También aquí encontramos fácilmente el remedio en el texto de la Admonición: hemos de alegrarnos de corazón y sin envidia por el bien «que el Señor dice o hace» en los hermanos. ¡Precisamente así nuestra pobreza se convertirá en manantial de perenne alegría!
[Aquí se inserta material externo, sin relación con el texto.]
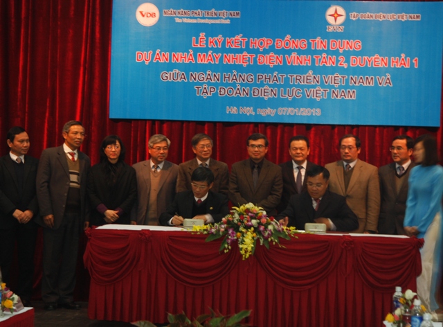 (VOV5) - Chiều 7/1, tại Hà Nội, Ngân hàng Phát triển Việt Nam (VDB) và Tập đoàn Điện lực Việt Nam (EVN) ký kết hợp đồng tín dụng Dự án đầu tư xây dựng công trình Nhiệt điện Vĩnh Tân 2 và Nhiệt điện Duyên Hải 1 bằng nguồn vốn tín dụng đầu tư của Nhà nước với số vốn cho vay 2.500 tỷ đồng.

3. Raramente se exterioriza esta envidia en nuestra vida; las más de las veces, sólo aparece cuidadosamente disimulada. ¿Cómo me comporto cuando alaban a otro? ¿Lo admito o, después, hablo mal de él? ¿Minusvaloro con frecuencia y de buena gana el bien «que el Señor dice o hace» en él? ¿No minusvaloro de esa manera la acción de Dios? ¡Eso es exactamente el pecado de blasfemia, del que habla aquí Francisco! ¡En todo ello se manifiesta pura envidia, puesto que quisiera tener lo mismo o incluso más! ¡Y con ello pierdo la pobreza interior! ¿Podremos, ante tal consecuencia, seguir tomando a la ligera la «peste» de la envidia?
También aquí aparece evidente el remedio. Tenemos que ver el bien y verlo de buena gana y glorificar por él «al Padre que está en los cielos» (Mt 5,16). ¡Demos gracias a Dios por nuestros hermanos y hermanas; démosle gracias por el bien que Él dice y hace por su medio para la construcción de su Reino! Con ello venceremos cualquier inicio o vestigio de la citada «blasfemia».
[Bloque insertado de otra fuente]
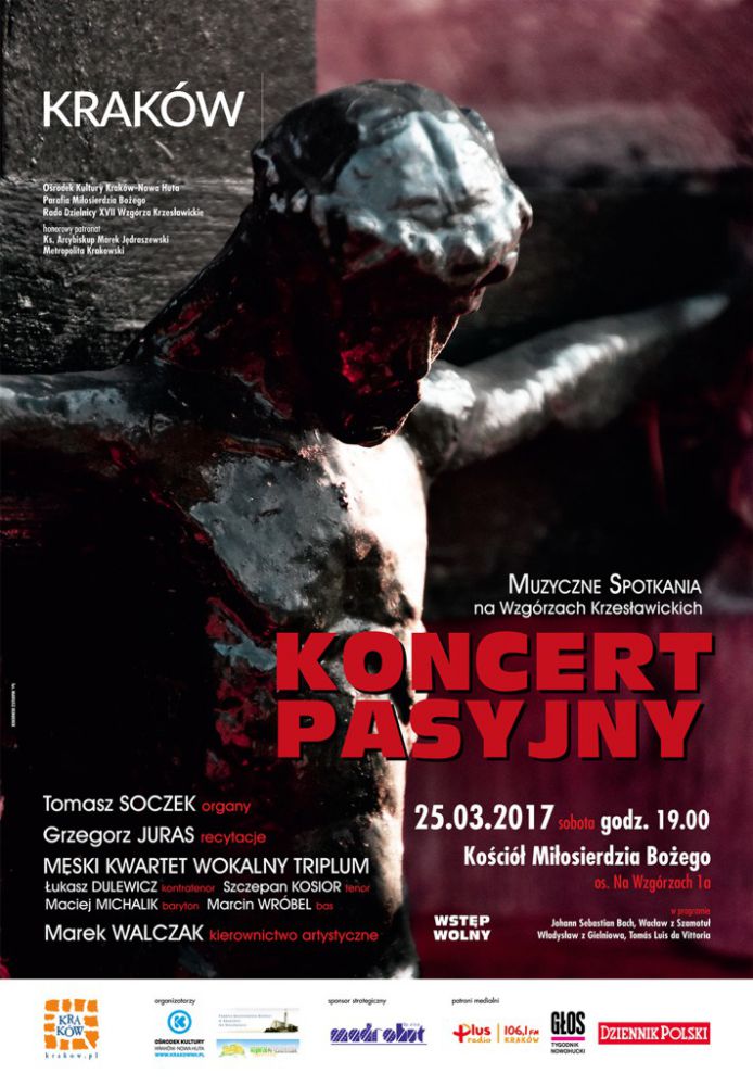 Najbliższy koncert w ramach cyklu Muzyczne Spotkania na Wzgórzach Krzesławickich to muzyczna opowieć o męce i pasji Jezusa Chrystusa. Odbędzie się on 25 marca br. o godz. 19.00 w kociele pw. Miłosierdzia Bożego (os. Na Wzgórzach 1a). Na koncert zapraszajš organizatorzy cyklu: Orodek Kultury Kraków-Nowa Huta, Dzielnica XVII Wzgórza Krzesławickie oraz Parafia Miłosierdzia Bożego na Wzgórzach Krzesławickich.

4. «Cada cual tiene de Dios su gracia particular: unos de una manera, otros de otra» (1 Cor 7,7). «Ahora bien, Dios puso cada uno de los miembros en el cuerpo según su voluntad» (1 Cor 12,18). Cada miembro en el cuerpo de la Iglesia ha de cumplir su propio servicio según la fuerza que se le ha distribuido según le corresponde, «realizando así el crecimiento del cuerpo para su edificación en el amor» (Ef 4,16). Dios es quien distribuye las tareas, aptitudes y facultades, según su voluntad. ¡Cualquier parangón que produzca descontento, envidia y celos -y que origina en consecuencia alteraciones e inhibiciones neuróticas-, es humano, demasiado humano! El auténtico pobre está libre de eso. Dice «sí» a sí mismo, tal como Dios lo ha hecho. Y dice también «sí» a su hermano, tal como Dios, el Señor, lo ha hecho. Se deja usar por Dios, el Señor, sin ninguna exigencia. Es un instrumento dócil en las manos de Dios, pues acepta con toda humildad los planes de Dios. Aquí advertimos en qué medida la pobreza total es camino hacia una glorificación vivida de Dios, pues liberándonos y colmándonos de alegría actúa en el servicio, sin estorbos, de Dios, en el servicio de su Reino.
Los cuatro puntos de nuestro examen de conciencia tienen una importancia decisiva para nuestra vida franciscana, que quiere y debe recuperar la esencia del Evangelio en el misterio de la pobreza total. ¡De la forma como la acojamos y nos esforcemos en vivirla depende que seamos realmente hijos del Santo a quien veneramos como «Padre de los pobres» y que lo único que quería en su pobreza era reconocer el Señorío de Dios, glorificar a Dios y servir al advenimiento de su Reino!